Оскар безоговорочно верит в целительную силу секса. Он принадлежит к числу мужчин с железным здоровьем и неукротимым темпераментом, которые убеждены, что не существует несчастья, неприятности или разочарования, с которыми не справился бы секс. Тебе грустно? Трахайся. Голова болит? Трахайся. Компьютер сломался? Трахайся. Потерял все, что имел? Трахайся. У тебя мать умерла? Трахайся. Иногда это работает.

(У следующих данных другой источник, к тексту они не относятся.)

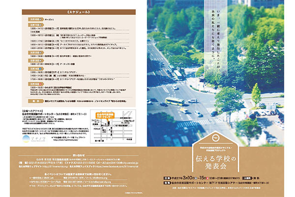 仙台市震災メモリアル・市民協働プロジェクト「伝える学校」は、市民の皆さんひとりひとりが伝える視点をもって発信していくことを目的として、市民団体との協働により進めているプログラムです。
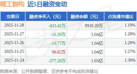 证券之星消息,11月28日,精工钢构(600496)融资买入690.89万元,融资偿还1124.31万元,融资净卖出433.42万元,融资余额9939.28万元。

Я осторожно спустила ноги с кровати. Оскар считает, что плюс ко всему секс – это лучшее начало дня, а мне по утрам больше всего хочется стать невидимой и материализоваться не раньше чем к обеду. В раковине на кухне полно грязной посуды, в холодильнике – ничего, кроме пары просроченных йогуртов, сморщенного яблока и двух бутылок пива. Я открыла одну. Нет ни кофе, ни чая. Деревья за окнами гостиной приветствуют меня, шевеля листьями. Я замечаю, что в доме напротив жалюзи на окнах у нашей соседки-старушки опущены, – или куда-нибудь уехала, или тоже умерла. У меня такое чувство, что я долгие месяцы прожила где-то далеко отсюда. Кожа липкая от ночного пота – моего собственного и мужчины, с которым я провела ночь. Приподняв вырез майки, я опустила в него нос и отчетливо ощутила чужой запах: невидимый след упоительного вторжения чужого тела в мое, чужой кожи – в мою, послушную и проницаемую, чужого пота – в мой. Следы секса не сразу удается смыть даже душем, и я несколько дней продолжаю вдыхать этот запах, с каждым днем все более слабый, ношу его на себе, словно вызывающе откровенное, но очень красивое платье, пока он окончательно не испарится. Я приложила бокал с пивом к виску и закрыла глаза. Сейчас время года, которое я особенно люблю. Но у меня нет на него никаких планов. Ты угасала – какие у меня все эти месяцы, если не годы, могли быть планы? В спальне завозился Оскар. «Иди сюда! Мне надо кое-что тебе сказать! Что-то очень важное!» – позвал он. Это одна из его штучек. Ему хочется секса. Я сделала вид, что не слышу: если я сейчас подойду к нему, мы не выберемся из постели до обеда, а мне некогда – когда кто-то умирает, требуется уладить множество формальностей. Минут десять он ворчал и звал меня, кричал, что не может найти свои трусы и что это наверняка я их куда-то запрятала – конечно, делать мне больше нечего, только прятать его трусы! – потом наконец вышел. Не говоря ни слова, встал сзади и принялся целовать меня в шею, одновременно прижимая к столу. Я, так же молча, продолжала как ни в чем не бывало разбирать бумаги. Он больно прикусил мне ухо. Я возмутилась. Задумалась, не съездить ли ему по физиономии. Когда решила, что да, съездить, было уже поздно.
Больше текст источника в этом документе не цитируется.